Encore une superbe expression animalière, mais cette fois-ci la littérature n’a rien à voir là-dedans, plutôt la céramique. Dite comme cela, sans avoir les références utiles à sa compréhension, impossible de discerner où cette locution veut en venir ; pourtant, vous allez voir que l’image qu’elle représente est très parlante. Même le choix de la bête n’est pas anodin.
Un brin désuète à notre époque, s’observer en chiens de faïence signifie se dévisager, se méfier d’un autre, et réciproquement, éprouver une forte animosité pour autrui, mais en silence.
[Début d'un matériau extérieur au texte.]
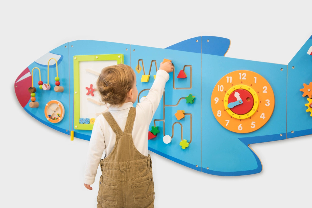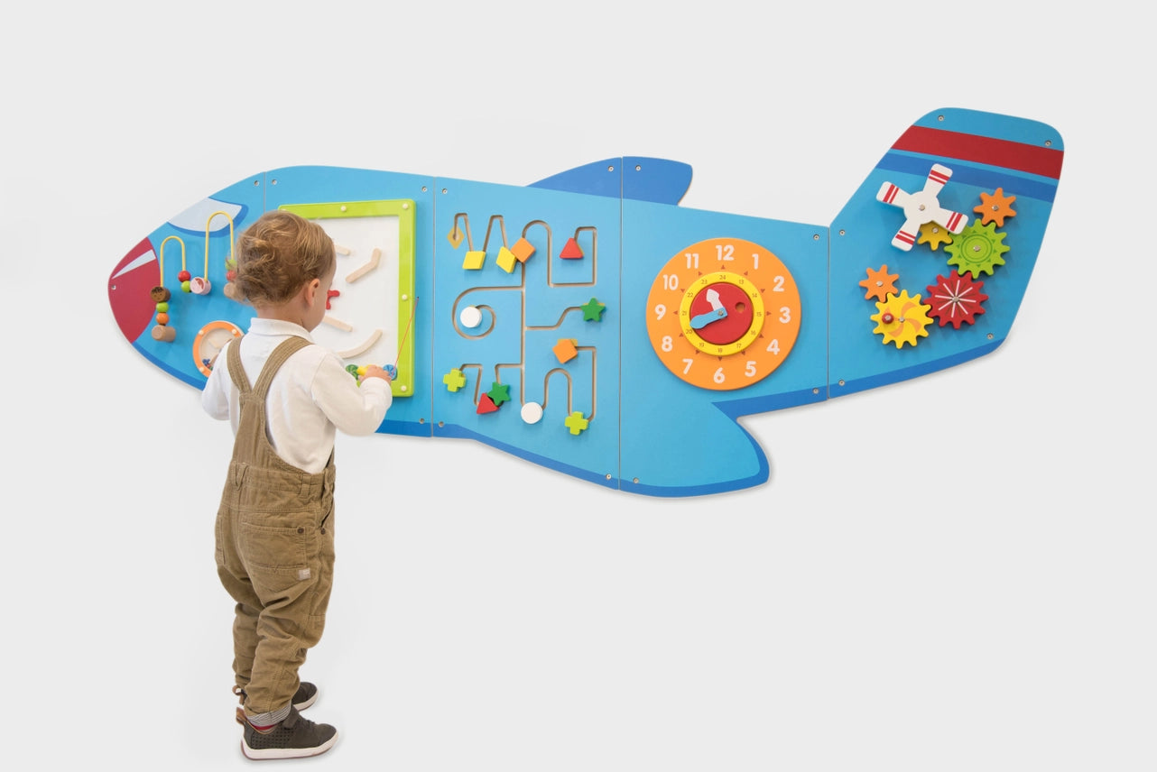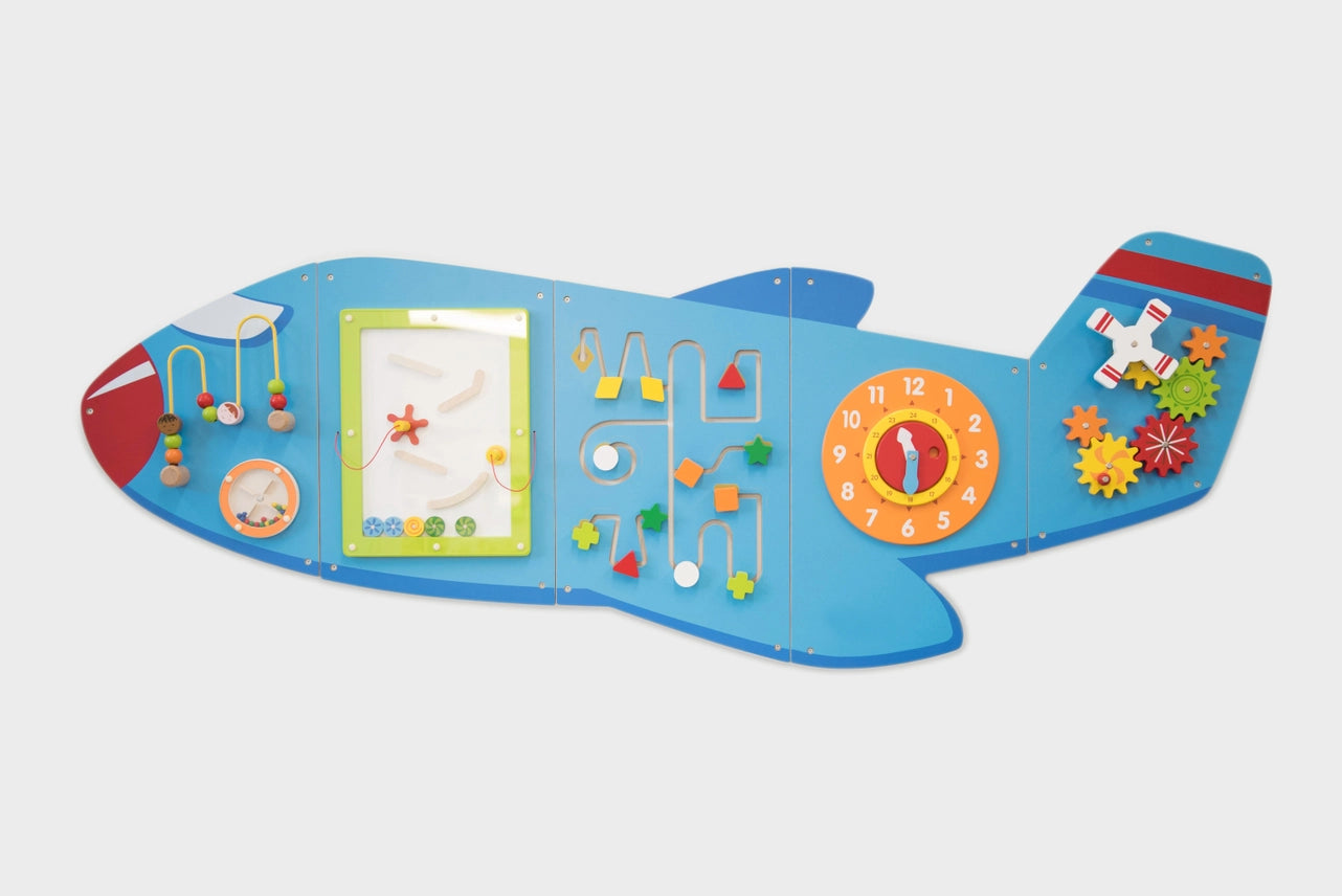 Giocattolo da parete in legno in cinque sezioni, ognuna con una serie diversa di attività manipolative per incoraggiare la coordinazione occhio-mano e le capacità motorie fini, tra cui un orologio con lancette mobili, labirinto di perline metalliche, penne magnetiche, labirinto di forme e ingranaggi ad incastro. Ideali per il gioco individuale o collaborativo, le sfide offrono ai bambini una serie di opportunità di apprendimento pratico, tra cui la risoluzione dei problemi e lo sviluppo del linguaggio. L'aeroplano è composto da 5 pannelli con fori di fissaggio e viti di fissaggio per un facile montaggio a parete. Realizzato in MDF e consigliato solo per uso interno.

Une sorte de guéguerre froide qui n’appelle, heureusement, guère à conséquence.
Alors quel rapport avec les chiens qui eux, pour le coup, ont tendance à aboyer leurs désaccords de la plus bruyante des façons ? Et quel rapport avec la faïence, matière délicate et fragile ? Eh bien… tout, en fait. Fut un temps où il était courant de décorer sa cheminée de sculptures canines. Elles n’avaient pas nécessairement l’air menaçant, mais à force de se regarder dans le blanc des yeux sans jamais mot dire, une certaine tension les habitait malgré elles. On retrouvait aussi ces effigies comme presse-livres sur les étagères ou bibliothèques. La faïence est une technique de céramique italienne qui a pris son essor au cours du XVIe siècle. On peut imaginer que l’expression est née le siècle suivant, une fois ces poteries bien intégrées dans les domiciles français. Il faut dire qu’en ce temps-là, on se chauffait exclusivement au bois et tous les foyers disposaient de cheminées, il était donc tout à fait normal et banal de chercher à les décorer.
Aujourd’hui plus trop de cheminées dans nos villes, ni de chiens en céramique, pourtant nous gardons cette expression bien vivante. Peut-être devrions-nous, à l’avenir, mettre nos différends à plat et en bavarder comme des pies.